### PROBLEM
Could you transcribe exactly the lines below, from the line with "筑梦团队第一次去的时候恰逢7" through the line with "Сюжет же прост", and nothing else, leaving out the pictures?

(Dataset items)
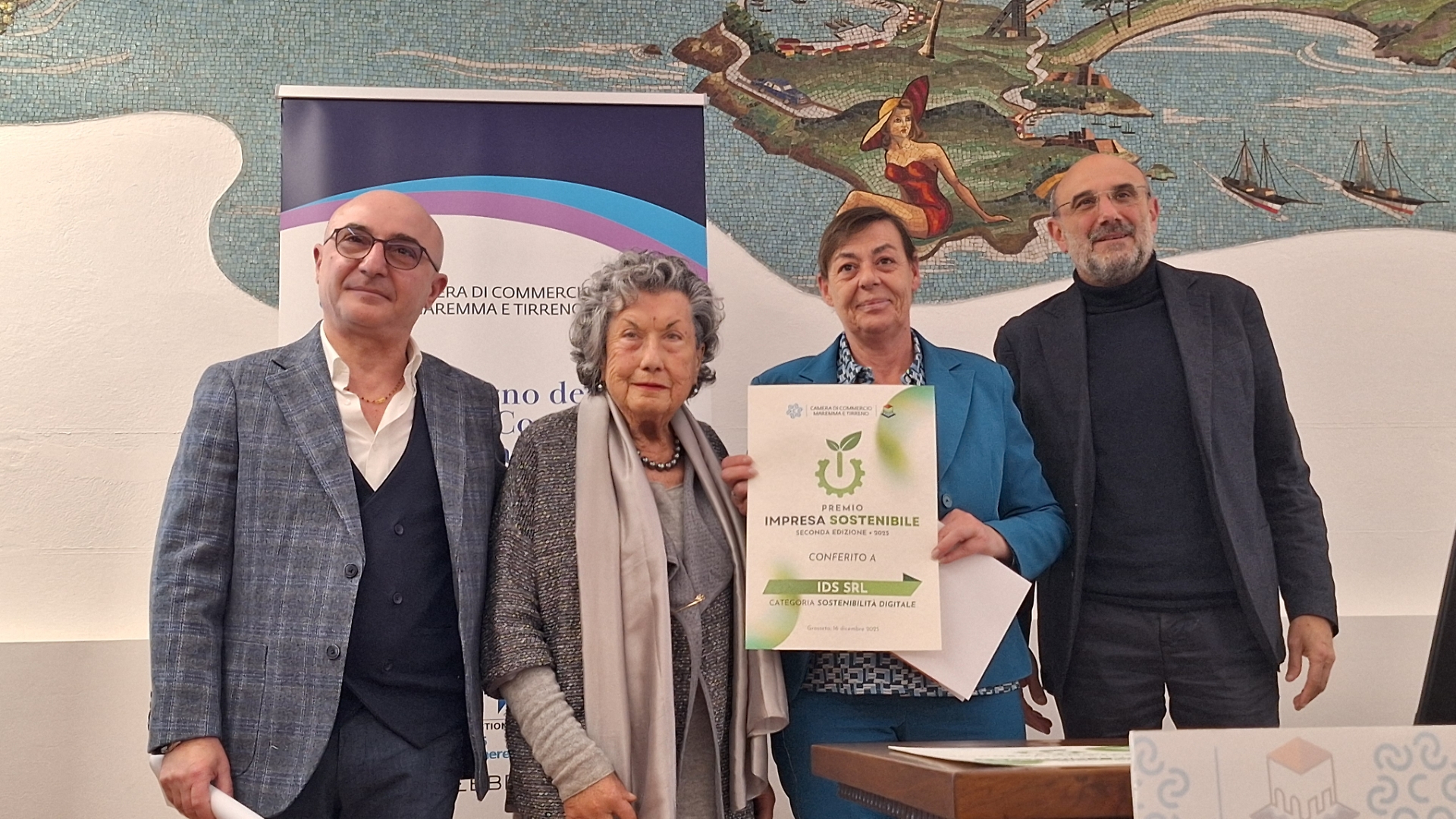 IDS di Piombino ha vinto il Premio Impresa Sostenibile 2025 nella categoria Sostenibilità digitale per un progetto che mira ad affrontare le sfide ambientali e tecnologiche attraverso la trasformazione digitale delle attività in chiave green. Oltre a dotare la sede operativa di impianto fotovoltaico con batterie di accumulo per la massimizzazione dell’autoconsumo, integrato da sistemi di raffrescamento a basso impatto energetico, IDS srl, ha migrato le infrastrutture IT su piattaforme cloud certificate, riducendo il bisogno di hardware fisico e con esso l’impronta di carbonio, a favore di un modello “zero server - zero carta”. Inoltre, l’impresa ha investito in software strategici per la transizione digitale sostenibile: uno per la gestione dei rifiuti e un altro che sfrutta Intelligenza Artificiale e algoritmi predittivi per gestire diagnosi energetiche avanzate e simulazioni dinamiche. Infine ha collaborato alla creazione di uno strumento operativo unico che integra la gestione dei progetti, la normativa tecnica e la sostenibilità nel settore edile.
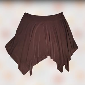 This cute chocolate brown skirt features a pixie hem with a comfortable elastic waist in the back and a flattering flat front. Material has some stretch. Hits right around knee length, depending on your height.
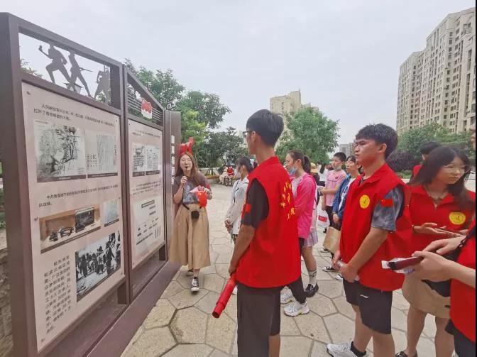 筑梦团队第一次去的时候恰逢7月7日,是“七七事变”84周年,84年,硝烟早已散去,但是对于历史我们永远铭记,永不敢忘。最后一次去的时候恰逢9月18日,历经90年的风雨沧桑,山河早已无恙,为了更加生动具体的带领青年团员们重温党史,确保党史学习教育取得扎实成效,真正做到学史明理,学史增信,学史崇德,学史力行。龙苑社区带领团员们来到了依托老虎山战场遗址建立的纪念青岛解放主题广场进行学习参观,龙苑社区团支部书记邱妍为大家介绍了青岛解放的相关知识并带领团员们重温了入团誓词。
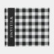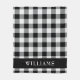 Diese klassische Schwarzweiss-Büffel-Karo-Musterdecke hat einen schwarzen Streifen auf der Unterseite mit einem Familiennamen im weißen Text. Personifizieren Sie mit Ihrem eigenen Namen oder als Geschenk zu geben.
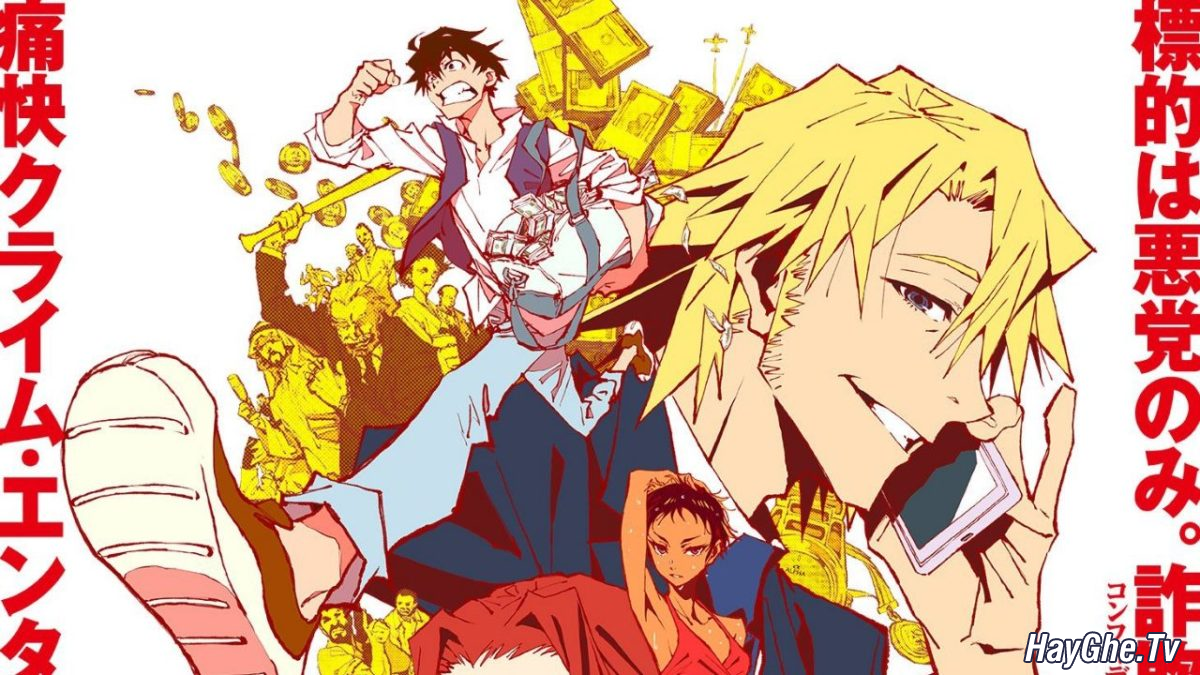 Сюжет же прост и интересен отдавая некой ноткой всех фильмов про ограбления(в каждой арке свои отсылки или же клише): история повествует о мошенниках которые проводят махинации в разных странах, с эксцентричными личностями и в разных областях будь то гонки на самолетах или же продажа наркотиков которых... как бы не существует. Благодаря всем этим локациям, ярким персонажам и необычной стилистике аниме очень годное. Так же хочется отметить очень качественный сценарий который своими поворотами заставит вас не раз хвататься за голову с вопросами "это все часть плана или же...". Всем советую.
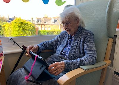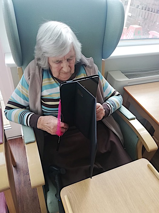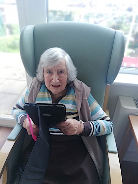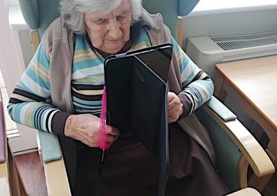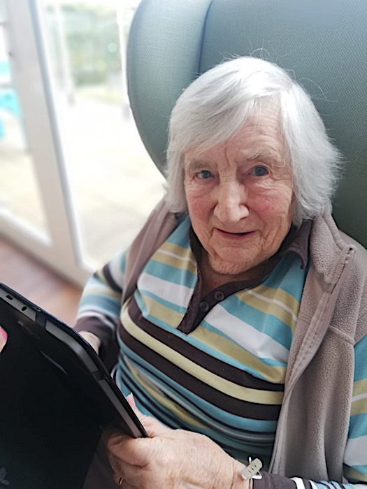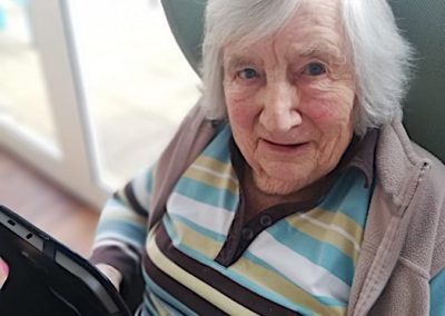Skype has been a great success for us to link some of our residents and their families this week. I have personally been so moved to see the total happiness expressed on your faces while holding the tablet. It was so touching to hear you all say “don’t you look lovely, don’t you look well, or Happy Birthday”. Thanks so much for those that have agreed to join in the Skype experience. If you want to join us on Skype, all you need to do is download the free app, look for Harbour Rise Care Home and ask to connect with us. Once the connection is ready, just let us know when you want the call to be arranged and that is it! I hope you enjoy some of the Skype pictures. Sadly, I do not have photos for all the calls which took place.
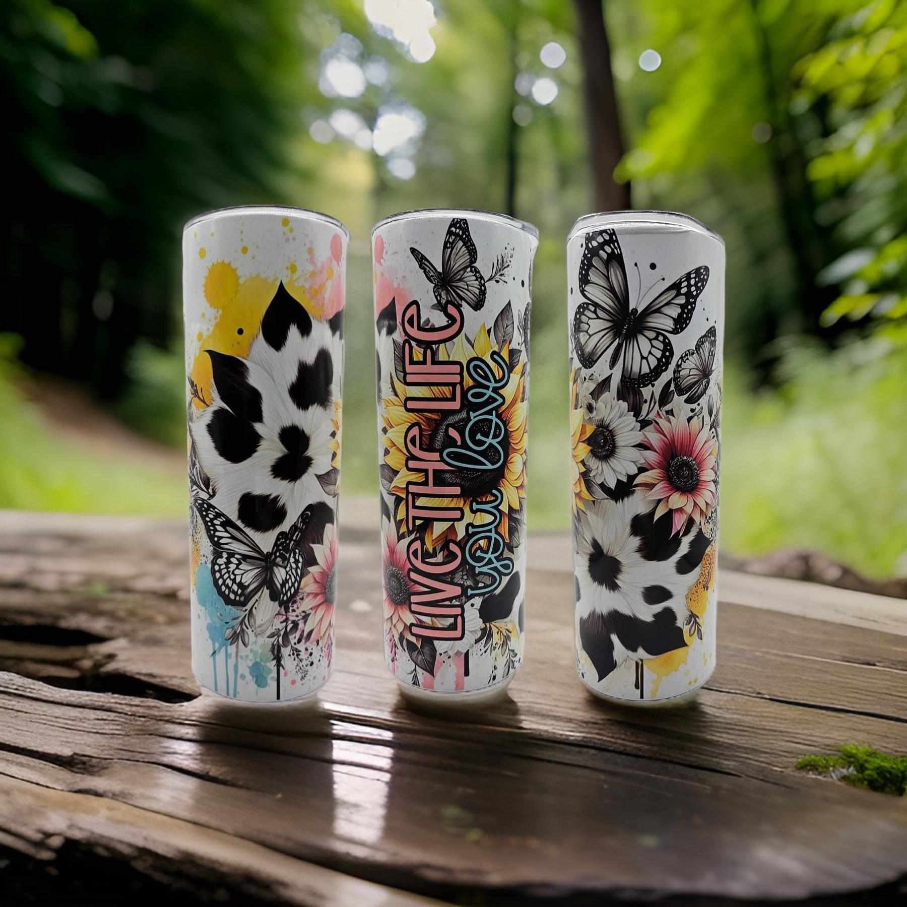 Double walled Insulated stainless steel Tumbler. Will keep drink cold for up to 12 hours and hot drinks hot for up to 6 Hours. They come with Clear Slide Lid, when not in use lid can be closed also comes with reusable Plastic straw. Comes with a Non-Stick bottom Our Tumblers can have a small white border on the bottom and some of our Tumblers can have a white border around the Top also depending on the Design
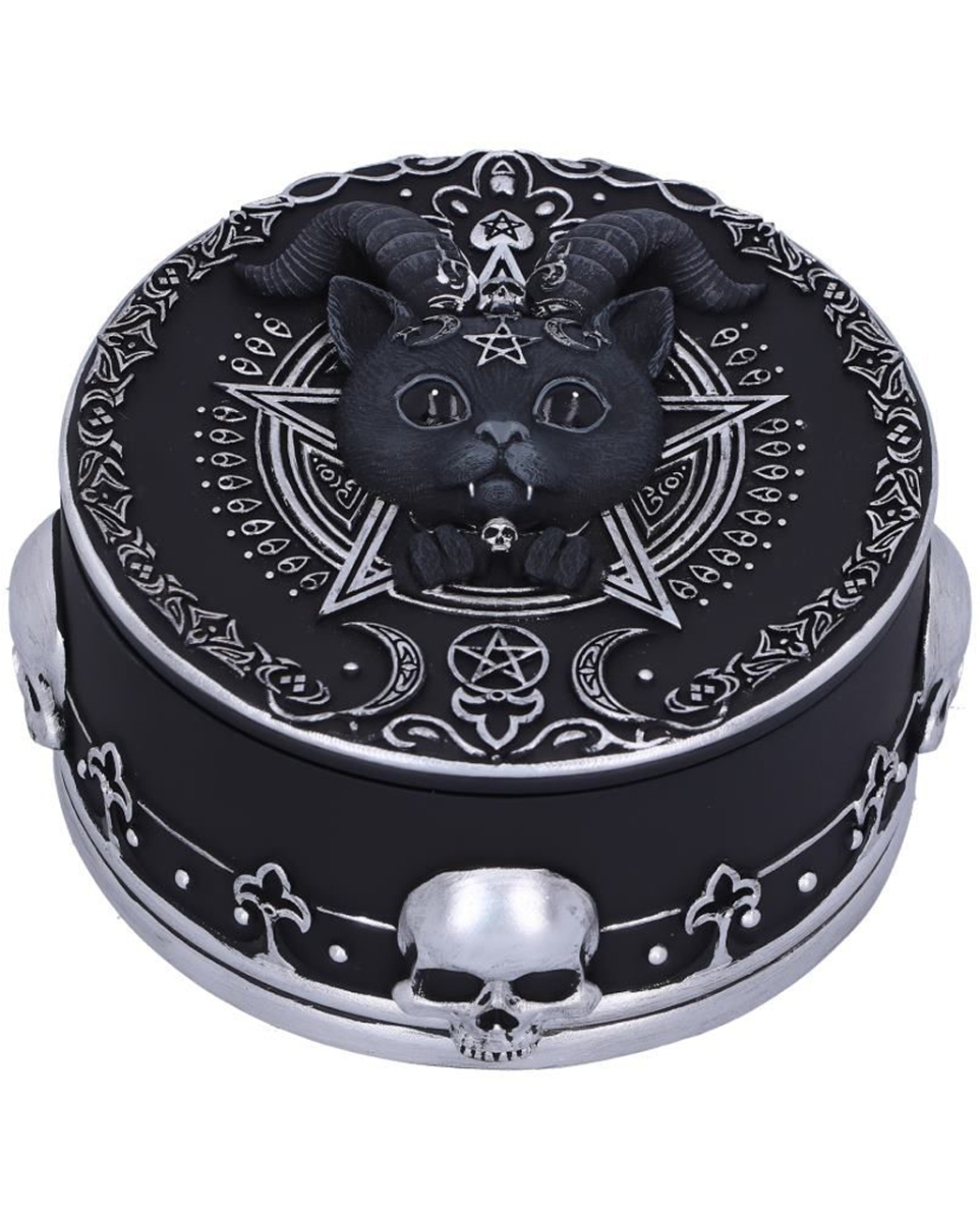 Pawzuph Hexenkatze Schmuck-Schatulle 11cm Schmuckdose mit okkultem Kätzchen und mystischen Symbolen als Gothic Homeware Die Pawzuph Hexenkatze Schmuck-Schatulle aus der Cult Cuties Serie bringt eine Prise Geheimnis und Gothic-Charme in dein Zuhause. Umgeben von okkulten Symbolen bewahrt die schwarze Katze mit Ziegenhörnern und Vampirzähnen deine Lieblingsstücke sicher auf. Die Pawzuph Hexenkatze Schmuck-Schatulle ist aus hochwertigem Polyresin gefertigt. Der Deckel lässt sich leicht abnehmen, was dir schnellen Zugriff auf den Inhalt ermöglicht. Jede Schmuckdose wird von Hand bemalt, wodurch jedes Stück zum Kunstwerk wird. Lieferumfang: 1 x schwarzen Katze, die Ziegenhörner und Vampirzähne 11cm Farbe: Schwarz, Silber, Grau Größe: ca. 11 cm Material: Polyresin (Kunststein) Pawzuph Schmuckdose aus der Cult Cuties Serie Schwarze Katze mit Ziegenhörnern und Vampirzähnen als Motiv Okkulte Symbole als Verzierung Abnehmbarer Deckel Aus feinstem Polyresin gegossen und von Hand bemalt
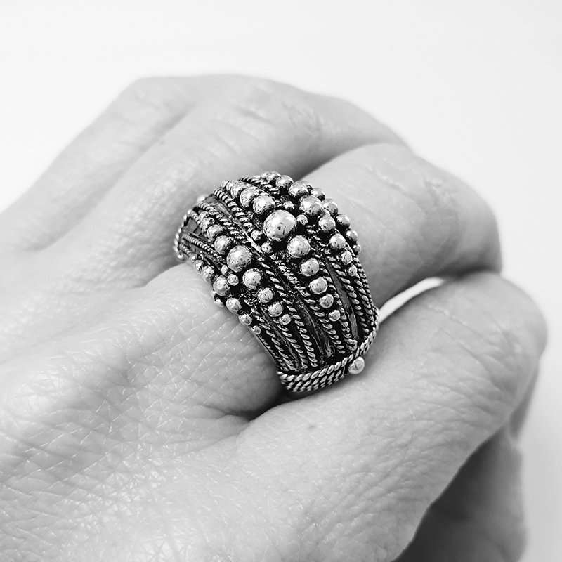 The Gelang Sarong Silver Ring is handmade in silver with Wires and balls decoration. Inspired in Karo Tribes Jewellery
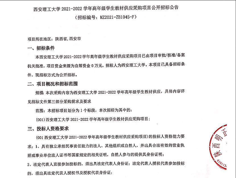 【教材供应】beat365正版唯一官网必一2021-2022学年2021级新生教材供应采购项目公开招标公告
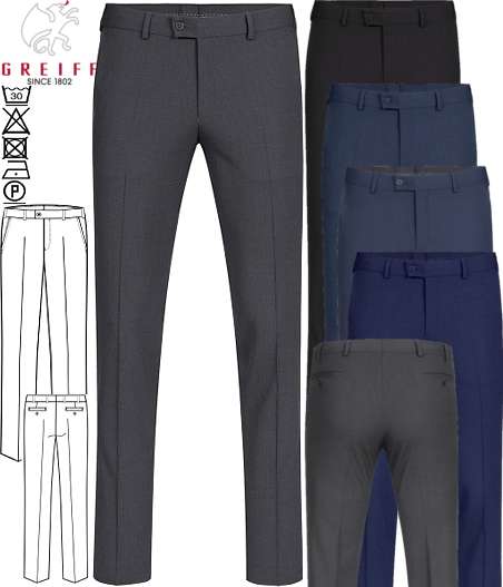 Ca. 200 g/m², 30° waschbar, wasser- und schmutzabweisend, Bi-Stretch, niedrige Leibhöhe, ohne Abnäher, Gürtelschlaufen, LIEFERUNG ERFOLGT OHNE GÜRTEL, Dehnbund, 2 Seitentaschen, 2 Gesäßtaschen, Vorderhosenfutter, Fußweite bei Gr. 50 ca. 42 cm, Schrittlänge bei Gr. 50 ca. 82 cm, Greiff Hose in schwarz, anthrazit und marine erhältlich (blau Mikrodessin, italian blue und royalblau nicht mehr lieferbar), bitte wählen Sie die Farbe aus, Gr. 42-54, 90-106
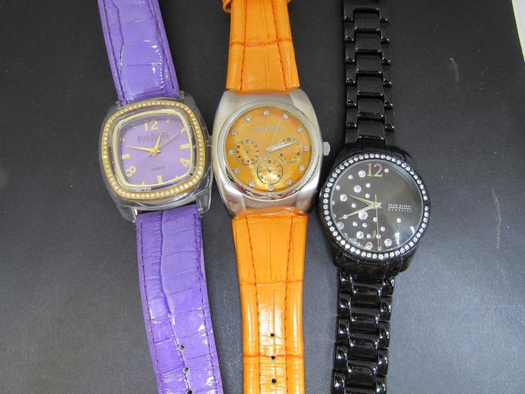 Not tested as to working or not-some for parts or repair-some may work-Joan River Classic Womens Quartz Wrist Watches (1)orange leather band (1) purple leather band (1) JR classic black steel link band-black dial

### EXERCISE SOLUTION
 筑梦团队第一次去的时候恰逢7月7日,是“七七事变”84周年,84年,硝烟早已散去,但是对于历史我们永远铭记,永不敢忘。最后一次去的时候恰逢9月18日,历经90年的风雨沧桑,山河早已无恙,为了更加生动具体的带领青年团员们重温党史,确保党史学习教育取得扎实成效,真正做到学史明理,学史增信,学史崇德,学史力行。龙苑社区带领团员们来到了依托老虎山战场遗址建立的纪念青岛解放主题广场进行学习参观,龙苑社区团支部书记邱妍为大家介绍了青岛解放的相关知识并带领团员们重温了入团誓词。
 Diese klassische Schwarzweiss-Büffel-Karo-Musterdecke hat einen schwarzen Streifen auf der Unterseite mit einem Familiennamen im weißen Text. Personifizieren Sie mit Ihrem eigenen Namen oder als Geschenk zu geben.
 Сюжет же прост и интересен отдавая некой ноткой всех фильмов про ограбления(в каждой арке свои отсылки или же клише): история повествует о мошенниках которые проводят махинации в разных странах, с эксцентричными личностями и в разных областях будь то гонки на самолетах или же продажа наркотиков которых... как бы не существует. Благодаря всем этим локациям, ярким персонажам и необычной стилистике аниме очень годное. Так же хочется отметить очень качественный сценарий который своими поворотами заставит вас не раз хвататься за голову с вопросами "это все часть плана или же...". Всем советую.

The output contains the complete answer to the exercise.